Partulina is a genus of tropical air-breathing land snails, terrestrial pulmonate gastropod mollusks in the family Achatinellidae.

==Description==
(Original description in German) The shell is typically perforated or slightly umbilicated, featuring an outer lip that is notably expanded. The columellar fold is situated high within the aperture, though it remains more or less indistinct.

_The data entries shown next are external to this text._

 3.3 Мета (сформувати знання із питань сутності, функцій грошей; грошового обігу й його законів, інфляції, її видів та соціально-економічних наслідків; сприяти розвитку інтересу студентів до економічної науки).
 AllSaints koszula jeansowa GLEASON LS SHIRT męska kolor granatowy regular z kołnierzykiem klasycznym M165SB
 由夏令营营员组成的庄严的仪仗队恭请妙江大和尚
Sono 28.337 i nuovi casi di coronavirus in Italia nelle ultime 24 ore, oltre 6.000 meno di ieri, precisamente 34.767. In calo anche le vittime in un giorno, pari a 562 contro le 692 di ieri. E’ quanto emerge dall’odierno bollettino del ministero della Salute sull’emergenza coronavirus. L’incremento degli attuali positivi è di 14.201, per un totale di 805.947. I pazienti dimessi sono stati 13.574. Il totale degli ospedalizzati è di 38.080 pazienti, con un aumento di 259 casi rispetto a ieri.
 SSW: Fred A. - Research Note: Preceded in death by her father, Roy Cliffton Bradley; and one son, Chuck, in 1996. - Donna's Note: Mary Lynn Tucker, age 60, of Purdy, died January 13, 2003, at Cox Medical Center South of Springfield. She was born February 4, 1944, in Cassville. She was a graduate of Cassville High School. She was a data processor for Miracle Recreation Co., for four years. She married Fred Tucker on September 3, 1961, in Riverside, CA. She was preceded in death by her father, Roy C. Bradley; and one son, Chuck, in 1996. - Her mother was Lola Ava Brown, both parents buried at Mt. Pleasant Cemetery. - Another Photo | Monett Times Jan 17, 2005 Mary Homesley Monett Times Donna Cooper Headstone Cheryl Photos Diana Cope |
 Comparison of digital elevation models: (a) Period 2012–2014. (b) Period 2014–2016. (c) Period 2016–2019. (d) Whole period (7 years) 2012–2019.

(Described in Latin as Partulina (Baldwinia) ) The shell is closely related to Partulina, but it differs in several key aspects. It is generally thinner in structure, featuring a peristome that is only slightly thickened and somewhat expanded. Most notably, it is distinguished by the complete absence of a twisted columellar fold.

==Species==
Species within the genus Partulina include:

- Partulina anceyana (D. D. Baldwin, 1895)
- Partulina aptycha L. Pfeiffer, 1855 sensu Cowie et al., 1995
- Partulina arnemanni C. M. Cooke & Y. Kondo, 1952
- Partulina confusa (Sykes, 1900)
- †Partulina crassa (Newcomb, 1854)
- Partulina dolei (D. D. Baldwin, 1895)
- Partulina dubia (Newcomb, 1853)
- Partulina dubiosa (C. B. Adams, 1851)
- Partulina dwightii (Newcomb, 1855)
- Partulina errans Pilsbry & C. M. Cooke, 1913
- Partulina fasciata (Gulick, 1856)
- Partulina fusoidea (Newcomb, 1855): synonym of Partulina terebra fusoidea (Newcomb, 1855) (superseded rank)
- Partulina germana (Newcomb, 1854)
- Partulina grisea (Newcomb, 1854)
- Partulina hobdyi Severns, 2011
- Partulina horneri (D. D. Baldwin, 1895)
- Partulina induta (Gulick, 1856)
- Partulina kaaeana D. D. Baldwin, 1906 : synonym of Partulina induta kaaeana D. D. Baldwin, 1906 (unaccepted > superseded rank)
- Partulina kapuana J. J. Gouveia & A. Gouveia, 1920
- Partulina lignaria (Gulick, 1856)
- Partulina marmorata (A. A. Gould, 1847)
- Partulina mighelsiana (L. Pfeiffer, 1848)
- Partulina montagui Pilsbry, 1913
- Partulina mutabilis D. D. Baldwin, 1908
- Partulina nattii (Hartman, 1888)
- Partulina perdix (Reeve, 1850)
- Partulina physa (Newcomb, 1854)
- Partulina plumbea (Gulick, 1856)
- Partulina porcellana (Newcomb, 1854)
- Partulina proxima (Pease, 1862)
- Partulina puupiliensis Severns, 2011
- Partulina radiata (A. A. Gould, 1845)
- Partulina redfieldi (Newcomb, 1853)
- Partulina rufa (Newcomb, 1853)
- Partulina semicarinata (Newcomb, 1854)
- Partulina splendida (Newcomb, 1853)
- Partulina subpolita Pilsbry & C. M. Cooke, 1912
- Partulina talpina Gulick, 1856: synonym of Partulina splendida (Newcomb, 1853)
- Partulina tappaniana (C. B. Adams, 1851)
- Partulina terebra (Newcomb, 1854)
- Partulina tessellata (Newcomb, 1853)
- Partulina thaanumiana Pilsbry, 1913
- Partulina theodorei (D. D. Baldwin, 1895)
- Partulina ustulata (Gulick, 1856)
- Partulina variabilis (Newcomb, 1854)
- Partulina virgulata (Mighels, 1845)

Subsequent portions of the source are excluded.